Más allá de la discusión de fondo de si existe o no la objetividad, efectivamente solemos tratar de imponer nuestros puntos de vista como si fueran los únicamente válidos. Detrás de eso, siempre hay un deseo de sometimiento de los demás a mis propios cánones y criterios.

La única forma de fundar una convivencia sana y pluralista es reconocer que mis argumentos, por muy convencido que yo esté de ellos, son una aproximación limitada hecha desde mi particular punto de vista y que, por lo mismo, no tengo derecho de descalificar las demás opiniones.

¿Hay verdad? Claro que sí, pero ella no es monopolio de una persona ni de un grupo. La tolerancia consistirá en reconocer el legítimo derecho a plantear los propios puntos de vista y a discrepar.

Verdad y Poder


Hace un tiempo escuché una feliz expresión: las dictaduras del bien. Se refiere a aquellos sistemas que imponen al resto una particular idea sobre lo que es el bien. De alguna forma, todos los totalitarismos pretenden tener el privilegio de la verdadera y la acertada visión de las cosas.

Que Dios nos libre de los iluminados. Generalmente tras los discursos de aquellos que se creen dueños de la verdad, hay un deseo de dominación. Como bien lo vio Nietzsche, la voluntad de poder es muy fuerte en el hombre. Nos gusta sojuzgar e imponernos sobre los demás y muchas veces bajo el argumento de la verdad, escondemos nuestros deseos de superioridad.

Por eso, es tan importante desarrollar el diálogo y la tolerancia, de modo de aplacar todos esos intentos de dominación y así poder construir una sociedad que respete las decisiones y las opiniones de todos.

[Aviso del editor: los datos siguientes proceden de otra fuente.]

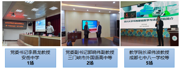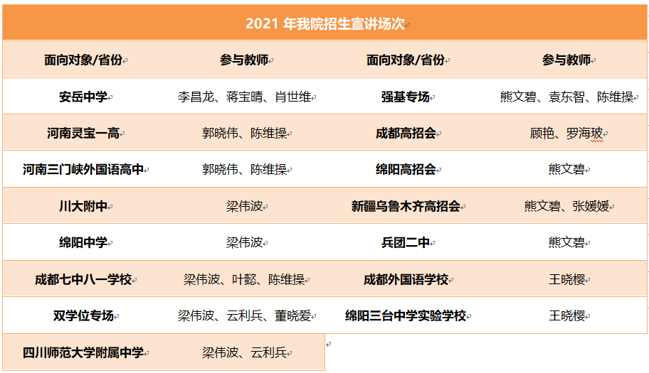 在李昌龙书记的带领下,我们面向安岳中学、成都七中八一学校、川大附中、绵阳中学、成都外国语学校等中学进行宣讲10场,开展名师回母校活动3场,参与成都、绵阳及乌鲁木齐高招会3场,通过专场专题介绍法医与法学双学士双位、基础医学(强基计划)专业情况2场;在高考志愿填报阶段,建立咨询QQ群3个、咨询专机1部,在半个多月的时间内7*24小时不间断回复考生及家长信息。必赢官网师生积极参与校园体验日接待工作4次,累计工作量约为116400人数*分钟。

La democracia, por muy imperfecta que sea, nos libra de todas las aventuras de aquellos que a través de la violencia de las armas o de otras formas más sutiles, como el tener la verdad, quieren imponerse por sobre los demás.

Creación e inventiva


No es lo mismo crear que inventar. Mientras la invención es una mera conjunción imaginativa de elementos, la creación supone una respuesta a una inspiración que hace que algo nuevo y viejo al mismo tiempo surja. Nuevo, pues inaugura un nuevo espacio entre nosotros y viejo pues nos sentimos reconocidos en ese espacio. No cualquier cosa es creación, ella tiene que sujetarse a ciertos cánones y criterios que sólo el artista los conoce y los domina, aunque ni él mismo sea consciente de ellos. Cuando creamos, de alguna manera, somos meros instrumentos de un misterioso mensaje que se plasma en el mundo. Por eso mismo, la personalidad misma es creación en la medida que inaugura una nueva manera de estar en el mundo. Una personalidad no es pura inventiva, pues no basta decir cualquier cosa para tener una personalidad auténtica. Una verdadera personalidad responde a una especie de vocación que plasma en el mundo una forma de ser que reconocemos como valiosa, única y especial. Mientras más una personalidad sea reflejo de aquello que no vemos pero que inspira, más atractiva nos parece. Toda auténtica creación es respuesta, rompimiento y continuidad.